3. Machine Learning Systems are much more dynamic in terms of performance of the system due to varying data profiles and the model has to be retrained/refreshed often which leads to more iterations in the pipeline. This is not the case with Traditional Software Systems.
Model Portability (From Model Development to Production)
Writing code to predict/score data, is most often done in Jupyter notebooks or an IDE. Taking this model development code to the production environment requires converting language-specific code to some exchange format (compressed & serialized) that is language neutral and lightweight. Hence portability of the model is also a key requirement.
Below are the wide use formats for ML model portability-
1. Pickle — The pickle file is the binary version of a Python object which is used for serializing and de-serializing a Python object structure. Conversion of a python object hierarchy into a byte stream is called “pickling”. When the byte stream is converted back to object hierarchy this operation is called “unpickling”.
2. ONNX (Open Neural Network Exchange) — ONNX is an open-source format for machine learning models. ONNX has a common set of operators and file formats to use with models on a variety of frameworks and tools.
3. PMML (The Predictive Model Markup Language) — PMML is an XML-based predictive model interchange format. With PMML, you can develop a model on one system on an application and deploy the model on another system with another application, only by transmitting an XML configuration file.
4. PFA (Portable Format for Analytics) — PFA is an emerging standard for statistical models and data transformation engines. PFA has the ease of portability across different systems and models, pre-processing, and post-processing functions can be chained and built into complex workflows. PFA can be a simple raw data transformation or a sophisticated suite of concurrent data mining models, with a JSON or YAML configuration file.
5. NNEF (Neural Network Exchange Format) — NNEF is useful in reducing the pains in the machine learning deployment process by enabling a rich mix of neural network training tools for applications to be used across a range of devices and platforms.
There are some framework-specific formats as well, like — Spark MLWritable (Spark specific) and POJO / MOJO (H2O.ai specific).
CI/CD in Machine Learning
In traditional software systems, Continuous Integration & Delivery is the approach that provides automation, quality, and discipline for creating a reliable, predictable and repeatable process to release software into production.
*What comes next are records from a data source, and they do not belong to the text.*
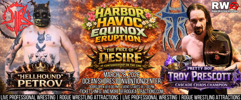 6.) Attend Harbor Havoc – Equinox Eruption: On March 28, 2026, join Rogue Wrestling Attractions at The Ocean Shores Convention Center in Ocean Shores, WA, for an exciting night of live professional wrestling. Present your tickets at the entrance for entry.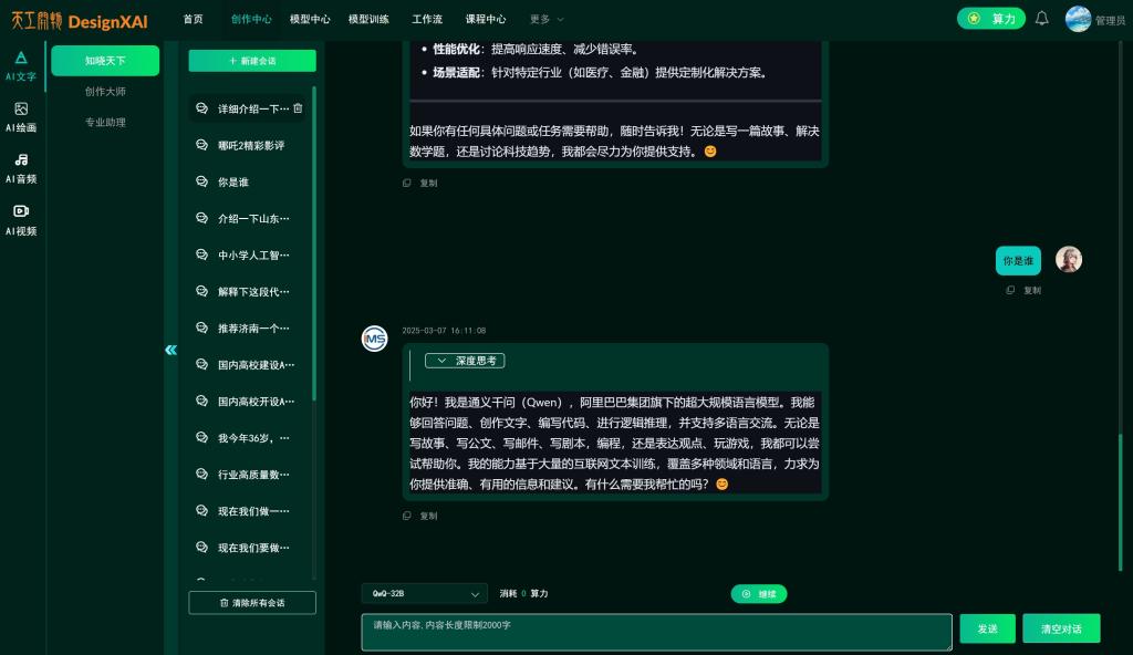 QwQ-32B是阿里通义千问团队推出的开源推理模型,它通过持续扩展强化学习训练的规模,实现了与巨型混合专家模型(MoE)相媲美的性能,这款仅有320亿参数的模型在性能上不仅能够比肩拥有6710亿参数的DeepSeek-R1,更在某些测试中超越了DeepSeek-R1;“天工开物”大模型服务平台是一个以生成式人工智能(AIGC)技术为核心,专注于为师生提供设计艺术AI拓展学习的教学实训平台。平台提供课程中心、模型中心、赛事中心、作品中心、新闻资讯、个人中心等核心功能,集成大语言模型、文生图模型、音乐生成模型及视频生成模型等主流AI工具,并整合ComfyUI设计工作流、ControlNet可控生成、LoRA模型训练等高级创作功能,通过组织一系列富有创新性和实践性的教学活动,让师生有机会深入了解人工智能的基本原理,熟练掌握其关键技术,并探索其在设计行业中的应用可能性。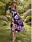 Damen Midikleid Shiftkleid Urlaub Lässig Normale Passform Blumen Grafik Böhmische Kurzarm Rundhalsausschnitt Blau Rosa Purpur Sommer Frühling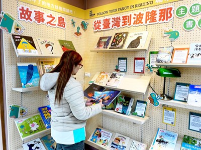 中市圖表示,為呈現台灣創作躍上國際舞台,特別精選「義大利波隆那兒童書展」台灣館的書籍共60本,規劃「故事之島:從台灣到波隆那」主題書展。以「Taiwan Story Island」(譯:台灣故事島)為主題,書展分為「海洋」、「年度推薦書」兩大主題,展現台灣原創書籍豐富多元的創作能量。書展於總館及分館共12館同步展出,歡迎民眾到圖書館翻閱原創故事,品讀台灣之光。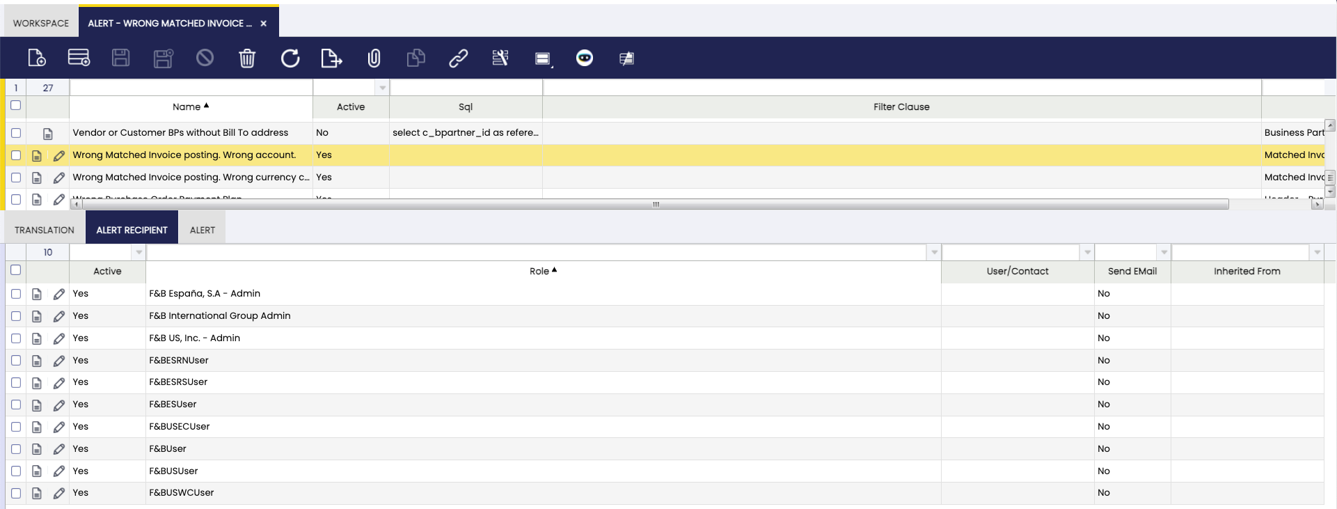 For instance, Products without a defined price, Products under stock or Bank account without accounting information - An alert rule can be applied to every Etendo user or just to a set of them. Alert recipients are the Etendo users for which a given event is going to be monitored.

The same should be applied to ML Systems? Yes, but the process is not simple. The reason is in case of ML systems, changes to ML model and the data used for training also needs to be managed along with the code into the ML delivery process.
So unlike traditional DevOps, MLOps has 2 more steps every time CI/CD runs.
Continuous integration in machine learning means that each time you update your code or data, the machine learning pipeline reruns, which kick off builds and test cases. If all the tests are successful then Continuous Deployment begins that deploy the changes to the environment.
Within ML Systems, there is one more term for MLOps called CT (Continuous Training) which comes into the picture if you need to automate the training process.
Although the market has some reliable tools for ML Ops and new tools are also coming up, it's still new to predict the ML model outcome in the production environment.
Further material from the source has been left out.